In the actual video clip featured in a Variety interview, Kristen encourages women to work hard and do things, and talks about the positive example set by her mother. It could be said that Stewart’s views are a nice counterpoint to all the vapid articles about women shutting down sexism and a reinforcement that much of the mythical wage gap is nothing more fiction created for political purpose. I could easily write an article quoting Stewart’s actual words and connect them to the message many men’s rights activists have been trying to send about fairness in the work place and how it actually plays out.

But I won’t. In fact, I refuse to quote Kristen Stewart at all. If you want to see exactly what she said and how it was likely misconstrued, you can always click the link above.

The reason I won’t do it is because I see a much worse problem at work in all of this: gossip.

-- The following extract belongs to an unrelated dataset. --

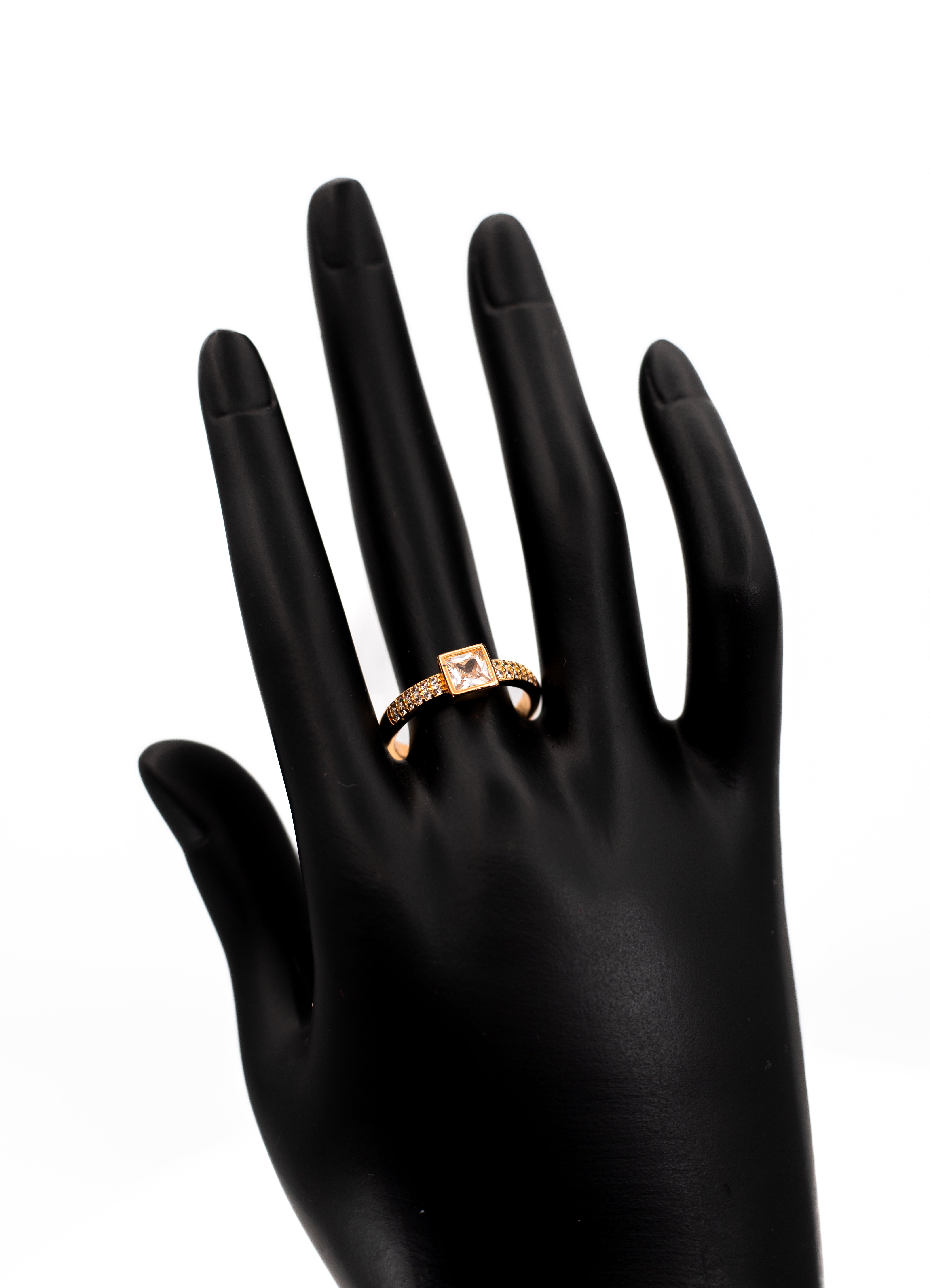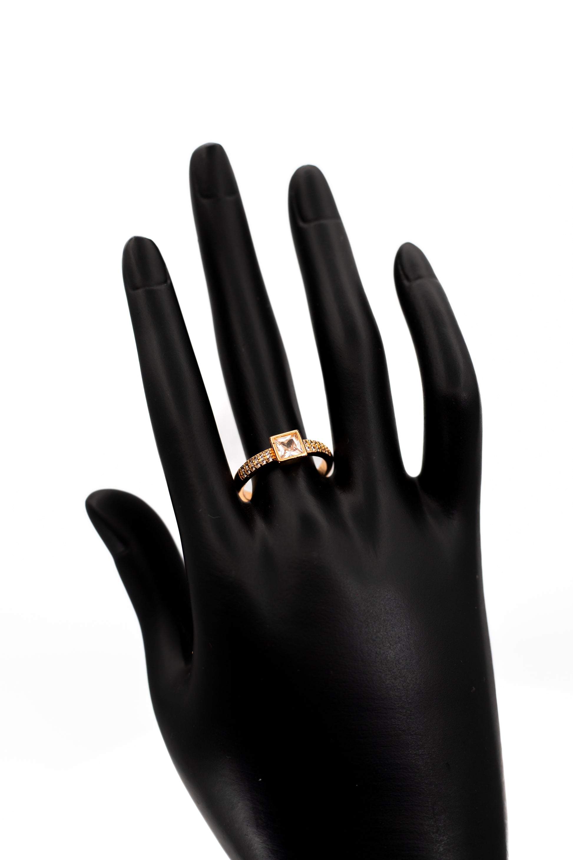 Shimmering Yellow Gold Plated ring featuring a brilliant clear/white octagon center stone. The classic halo setting and warm gold tone create a luxurious, vintage-inspired look, perfect as an affordable engagement ring or elegant cocktail piece.

If there is a toxic masculinity that encourages men to be violent and controlling and thus feeds into a rape culture, then there is also a toxic femininity that encourages cattiness, gossip and judgmental back-stabbing that feeds into a payback culture. The payback culture would be those very nasty and public scandals like crazy feminist Laughing Witch trying to get popular anti-feminist YouTuber thunderf00t fired from his job on false premises, the one that got Nobel Prize recipient Tim Hunt ousted from his position for a gender-related joke in a speech, or the dozens of other examples throughout the last few years of the social media mob going on the hunt for blood against people they’ve never met and most likely don’t know very well. The internal morality of those lynched by the gossip mob in payback culture is assumed based on a flimsy amount of words and sentences, and then tied to the unfortunate victim as a badge of shame.

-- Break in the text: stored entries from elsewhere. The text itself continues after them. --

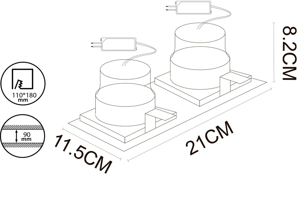 - Диаметр врезного отверстия: 110x180 мм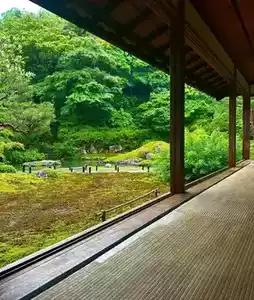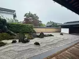 At the heart of Sengan-en lies a stunning karesansui (dry landscape) garden, embodying the essence of Japanese garden design. The karesansui garden features white sand and gray pebbles, meticulously arranged to create a picturesque representation of mountains and water. At the center of the garden stands a symbolic hill, surrounded by wave-like patterns in the sand, symbolizing the ocean. In one corner of the garden, there is a small pond where a few koi fish swim gracefully, adding a touch of vitality to the serene atmosphere. Simple yet profound, the garden reflects the deep cultural heritage of Japan.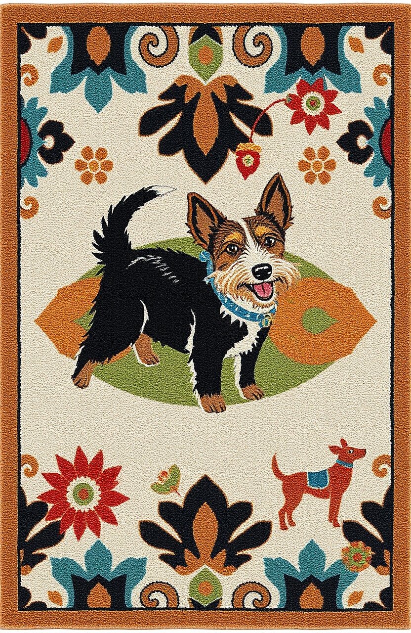 Terriers are known for their tenacity and charm, and this rug captures that spirit with a twist. Featuring bold patterns and vibrant colors, it’s sure to catch the eye.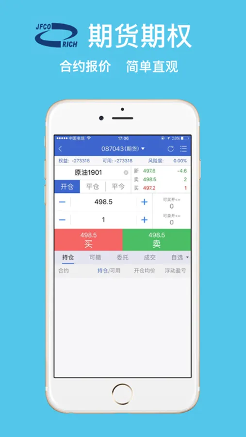 江西瑞奇期货有限公司发布的免费期货期权手机交易软件端,包含开户、热线、资讯、行情、交易、云条件单等多种功能,提供给客户更便捷的使用体验。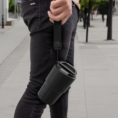 Disfruta cada sorbo, donde sea.Mug doble pared, sellado al vacío. Mug con aislamiento térmico. Tecnología vacuum. Interior en acero 304 y exterior en acero 201. Tapa de polipropileno con anillo de silicona y correa de poliéster en color negro. Pintura acabado mate. Mantiene hasta 8 hs la temperatura de las bebidas calientes y hasta 12 hs la de las bebidas frías. Medidas: Ø 8,8 cm x 14,5 cm.

And if we were to cast our minds upon the images of memory and recall where we predominantly see this behavior, would it not be in women? What gender do you see in your mind when you picture someone whispering about the neighbors? That group that gathers around in a circle at the well talking about who did and said what, do they have penises or vaginas? Do you expect the writer of a Buzzfeed article like “You Won’t Believe How Minky Muthpuffer Unleashes Holy Hell on Sexist Commenter” to have a female or male name?

If we were to use the rhetorical leaps commonly fashioned to berate, judge and belittle men, then it is a very small leap to tie vengeful gossip to women and by extension to feminine traits and a certain concept of toxic femininity. However, as I’m sure no man likes to be thought of a the unconscious inheritor of a toxic masculine traits, I don’t think it’s reasonable to turn the weapon against those who use it and say that gossip is brought on by toxic femininity.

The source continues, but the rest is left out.